§ Directions
In the listing below, count every line that contains "from". Give nothing but the number.

§ Material to process
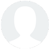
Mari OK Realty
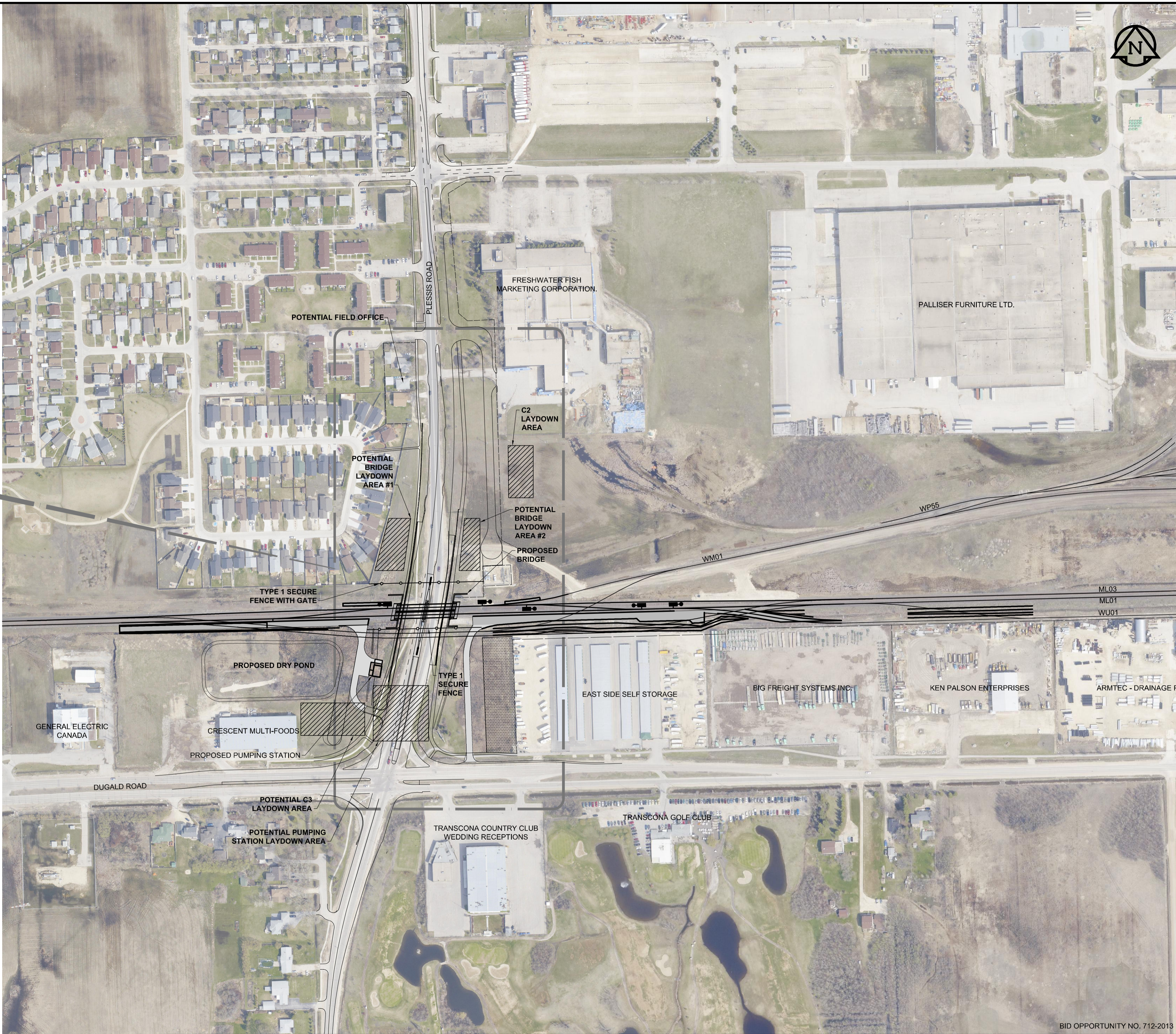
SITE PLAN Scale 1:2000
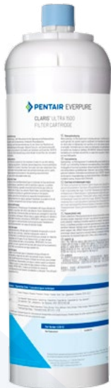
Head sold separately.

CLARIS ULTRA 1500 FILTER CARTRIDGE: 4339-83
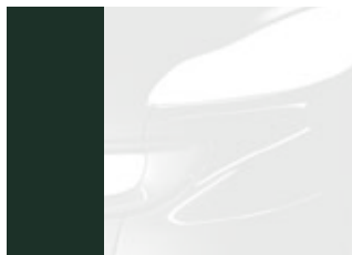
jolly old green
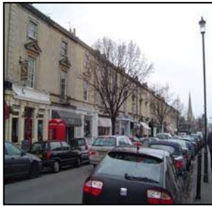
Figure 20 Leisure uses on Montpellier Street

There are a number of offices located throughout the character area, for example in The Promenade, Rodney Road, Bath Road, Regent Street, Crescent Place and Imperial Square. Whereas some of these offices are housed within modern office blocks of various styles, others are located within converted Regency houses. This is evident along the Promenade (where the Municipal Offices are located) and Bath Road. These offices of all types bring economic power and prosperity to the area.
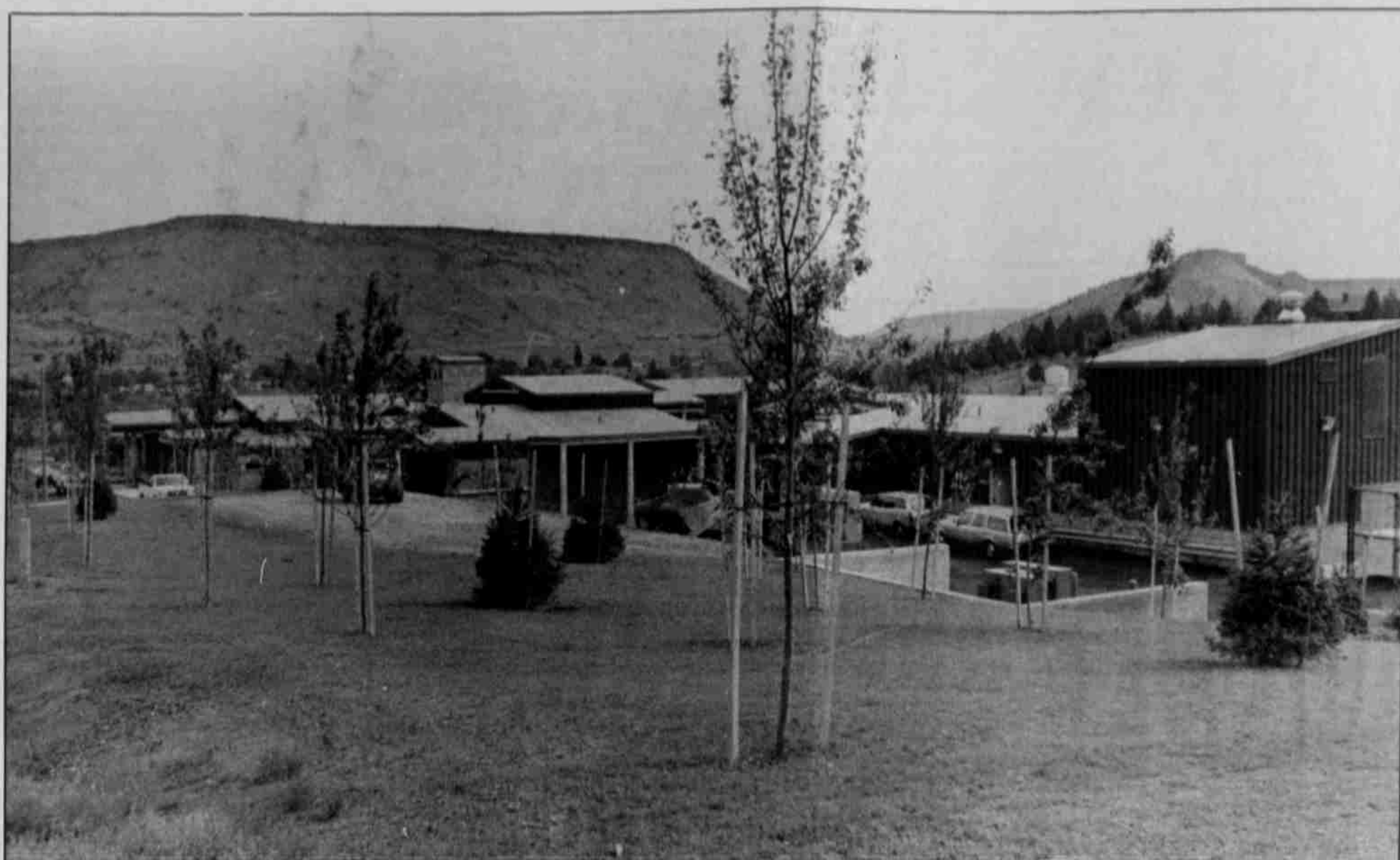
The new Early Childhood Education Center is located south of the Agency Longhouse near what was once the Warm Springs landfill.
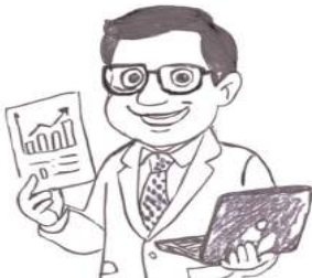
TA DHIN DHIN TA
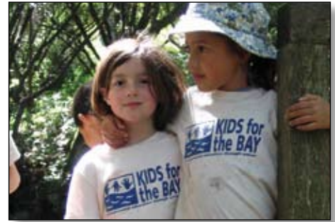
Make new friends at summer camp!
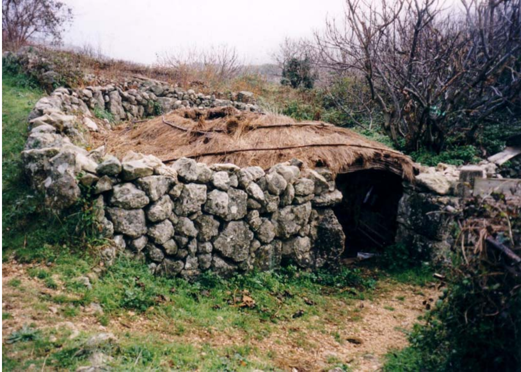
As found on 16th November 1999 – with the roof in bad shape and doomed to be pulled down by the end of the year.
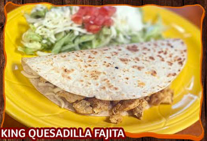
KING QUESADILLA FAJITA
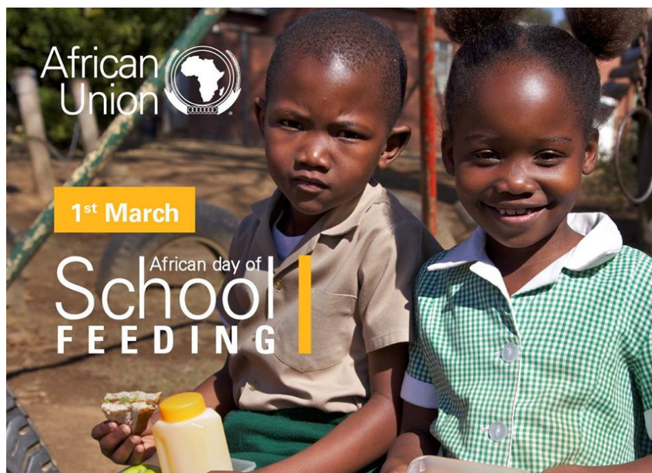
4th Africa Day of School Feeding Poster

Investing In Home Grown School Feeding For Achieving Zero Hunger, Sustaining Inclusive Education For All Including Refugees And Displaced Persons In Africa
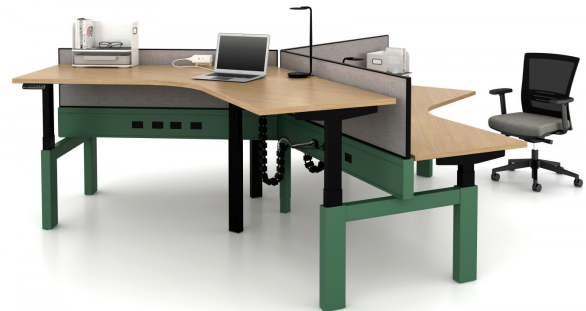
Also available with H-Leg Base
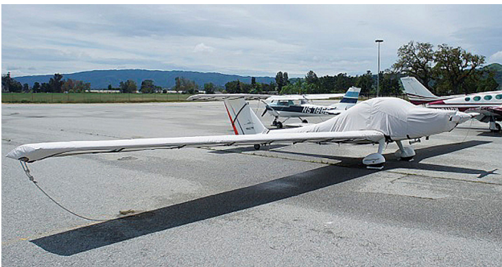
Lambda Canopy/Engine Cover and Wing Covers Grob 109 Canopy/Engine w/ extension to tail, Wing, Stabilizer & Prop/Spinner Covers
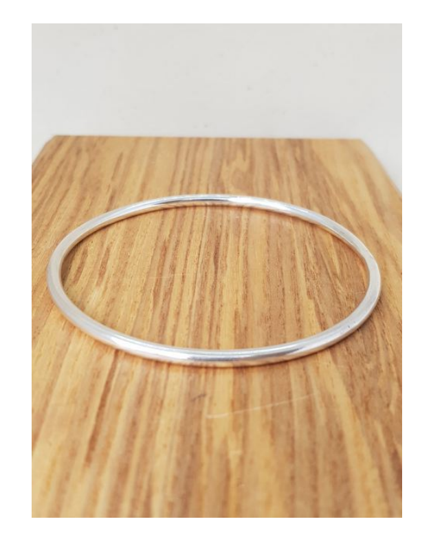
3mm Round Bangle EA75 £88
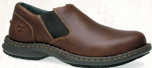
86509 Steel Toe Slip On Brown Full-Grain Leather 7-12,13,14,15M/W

--

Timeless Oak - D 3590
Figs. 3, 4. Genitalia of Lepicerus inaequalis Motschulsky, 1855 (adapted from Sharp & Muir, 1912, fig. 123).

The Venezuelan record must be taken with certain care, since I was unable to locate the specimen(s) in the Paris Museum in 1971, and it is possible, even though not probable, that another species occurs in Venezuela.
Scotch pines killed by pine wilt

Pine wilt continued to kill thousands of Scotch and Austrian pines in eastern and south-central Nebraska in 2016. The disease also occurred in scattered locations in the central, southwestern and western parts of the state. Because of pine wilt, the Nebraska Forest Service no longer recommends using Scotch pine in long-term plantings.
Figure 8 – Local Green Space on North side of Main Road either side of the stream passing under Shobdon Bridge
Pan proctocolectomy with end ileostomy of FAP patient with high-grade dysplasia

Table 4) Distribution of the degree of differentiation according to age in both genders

==

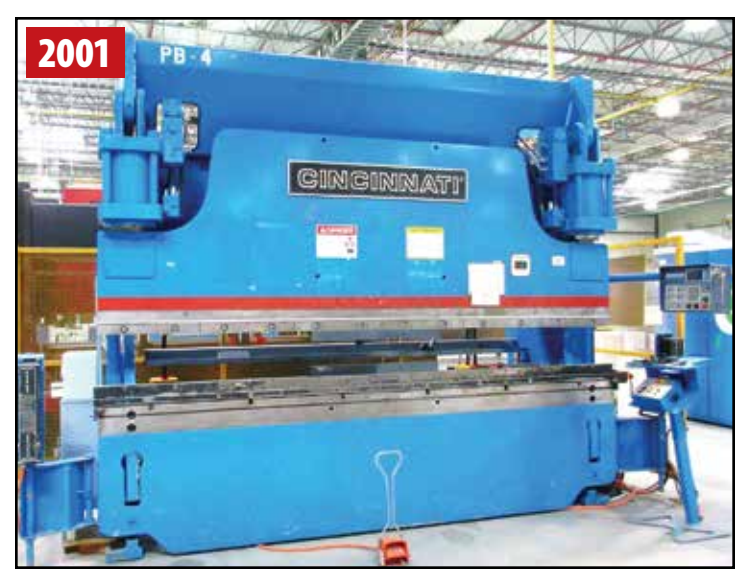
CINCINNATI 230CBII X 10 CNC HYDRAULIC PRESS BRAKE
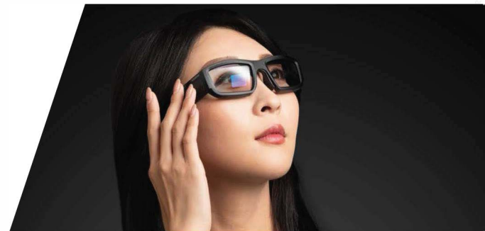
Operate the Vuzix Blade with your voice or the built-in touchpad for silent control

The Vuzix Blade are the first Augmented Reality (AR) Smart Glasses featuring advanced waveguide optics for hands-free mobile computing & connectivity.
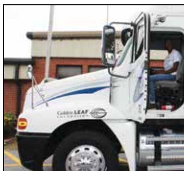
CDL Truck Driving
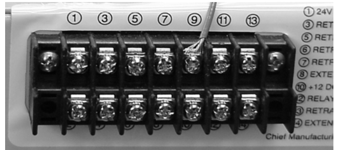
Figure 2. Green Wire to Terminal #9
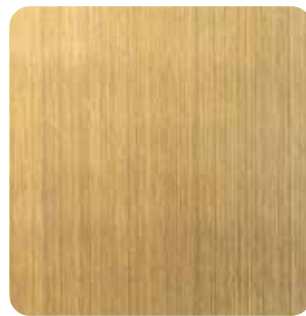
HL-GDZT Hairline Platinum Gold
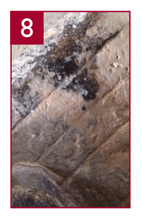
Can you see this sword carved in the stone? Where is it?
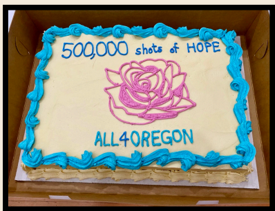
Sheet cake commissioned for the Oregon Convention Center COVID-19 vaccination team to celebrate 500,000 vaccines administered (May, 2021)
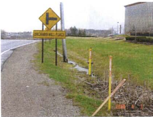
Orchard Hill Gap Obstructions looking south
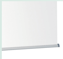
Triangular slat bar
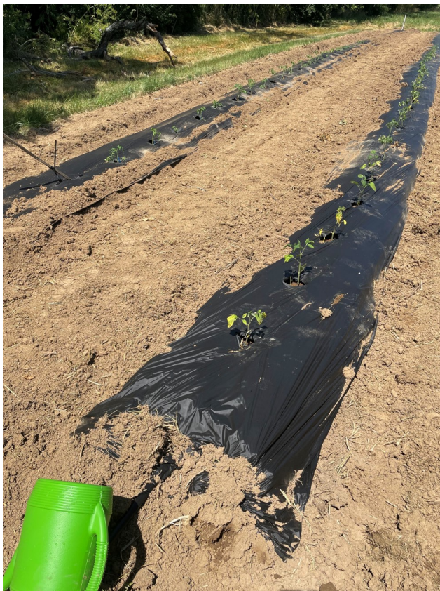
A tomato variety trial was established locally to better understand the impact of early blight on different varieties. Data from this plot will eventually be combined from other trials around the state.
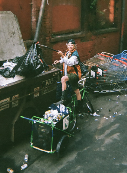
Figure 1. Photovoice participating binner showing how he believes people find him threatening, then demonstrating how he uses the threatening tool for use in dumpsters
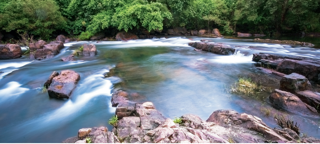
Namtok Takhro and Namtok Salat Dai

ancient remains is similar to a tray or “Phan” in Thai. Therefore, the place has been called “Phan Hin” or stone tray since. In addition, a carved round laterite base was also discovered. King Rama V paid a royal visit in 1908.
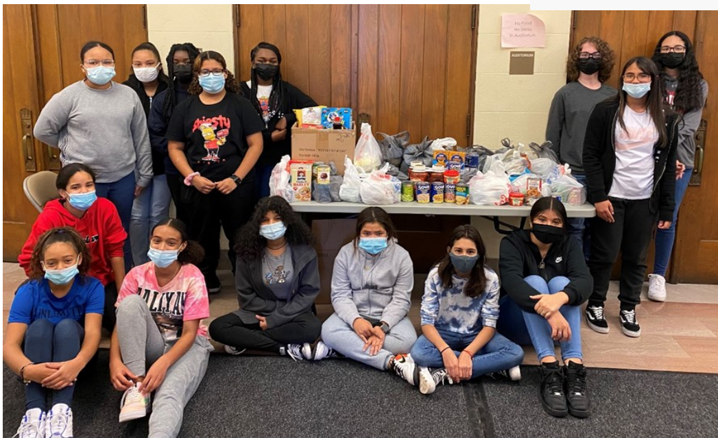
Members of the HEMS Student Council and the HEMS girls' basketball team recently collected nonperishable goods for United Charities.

§ Answer space
2